MOOSE-Star: Unlocking Tractable Training for Scientific Discovery by Breaking the Complexity Barrier¶
Conference: ICML 2026
arXiv: 2603.03756
Code: https://github.com/ZonglinY/MOOSE-Star (Available)
Area: LLM Reasoning / Scientific Discovery / Decomposed Training
Keywords: Hypothesis generation, inspiration retrieval, hierarchical search, tractable training, TOMATO-Star
TL;DR¶
MOOSE-Star decomposes the problem of "training an LLM to directly generate scientific hypotheses"—originally a search in an \(\mathcal{O}(N^k)\) combinatorial space—into two sequential subtasks: "inspiration retrieval + hypothesis synthesis." By layering hierarchical tree retrieval, bounded composition, and motivation planning, the optimal complexity is reduced from exponential to \(\mathcal{O}(\log N)\). The authors also release the TOMATO-Star dataset, which includes 108,717 papers with decomposed annotations.
Background & Motivation¶
Background: Most work on LLMs for scientific discovery focuses on "how to use LLMs at inference time" or "fine-tuning with external feedback" (e.g., reviewer feedback, rule-based scores, or reward alignment with data). Modeling and training the core conditional distribution \(P(\text{hypothesis}\mid\text{background})\) directly remains largely unexplored.

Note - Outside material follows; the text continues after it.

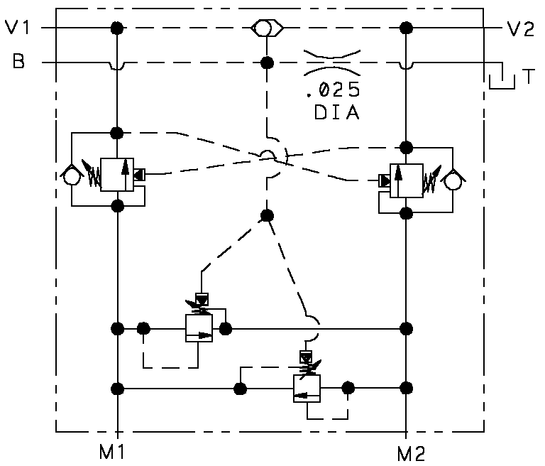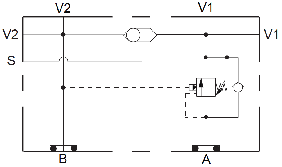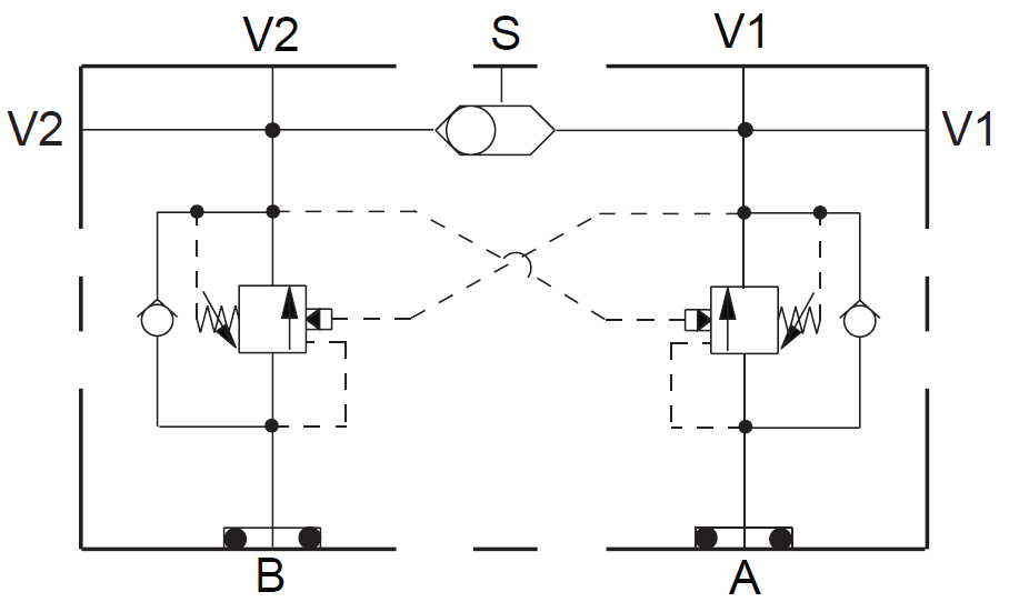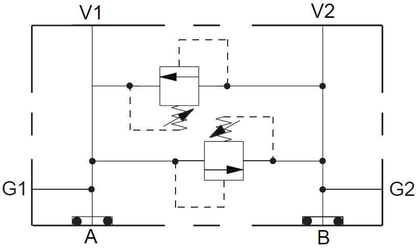 Cross-port relief A to B and B to A, anti-cav checks.

Limitations of Prior Work: The authors theoretically demonstrate that directly training \(P(h\mid b)\) implicitly requires identifying the correct sequence of \(k\) inspirations within a global scientific literature corpus of \(N\approx 10^7\). The search space is \(\mathcal{O}(N^k)\) (e.g., \(\approx 10^{21}\) for \(N=10^7, k=3\)), creating a "combinatorial complexity wall" that makes end-to-end training mathematically ill-posed.
Key Challenge: Either abandon the direct modeling of \(P(h\mid b)\) (the current feedback-based route) or confront combinatorial complexity (infeasible). Both paths are problematic.
Goal: To directly model \(P(h\mid b)\) while reducing training complexity to a level manageable by modern computing power, and to provide a reproducible dataset and open-source code.
Key Insight: Leveraging the probability decomposition theorem from MOOSE-Chem, \(P(h\mid b)\approx \prod_j P(i_j\mid b,h_{j-1},\mathcal{I})\cdot P(h_j\mid b,h_{j-1},i_j)\) is viewed as a sequence of "inspiration retrieval + incremental synthesis." This decomposition, previously used only for inference, is upgraded in this work to a trainable objective.
Core Idea: The untrainable \(\mathcal{O}(N^k)\) problem is reduced to trainable \(\mathcal{O}(k\cdot N)\) sequential subtasks. Subsequently, hierarchical tree search, bounded composition, and motivation planning are used to further compress the retrieval complexity from \(\mathcal{O}(N)\) to \(\mathcal{O}(\log N)\).
Method¶
Overall Architecture¶
The training framework consists of three layers: (1) Data: 108,717 open papers from 2020–2025 are deconstructed using R1 / R1-distill-Qwen into (research background \(b\), hypothesis \(h\), inspirations \(\{i_j\}\)) triplets. \(h\) is split into \(\Delta h_1,\ldots,\Delta h_k\), each structured into (Motivation, Mechanism, Methodology) layers. (2) Model: \(P(h\mid b)\) is split into "Inspiration Retrieval (IR)" and "Hypothesis Composition (HC)" tasks for Rejection Sampling Fine-Tuning (RFT). IR uses a pool of 1 positive and 14 hard negative samples; HC uses a rubric-based evaluator for rejection sampling. (3) Inference: The literature corpus is organized into a semantic retrieval tree. Motivation variables are used to dynamically prune irrelevant subtrees. HC is trained within a bounded tolerance radius \(M\) to ensure robustness against retrieval errors.
Key Designs¶
-
Decomposed Sequential Training (IR + HC):
- Function: Replaces "end-to-end learning of \(P(h\mid b)\)" with "learning retrieval followed by learning incremental synthesis," repeated \(k\) times.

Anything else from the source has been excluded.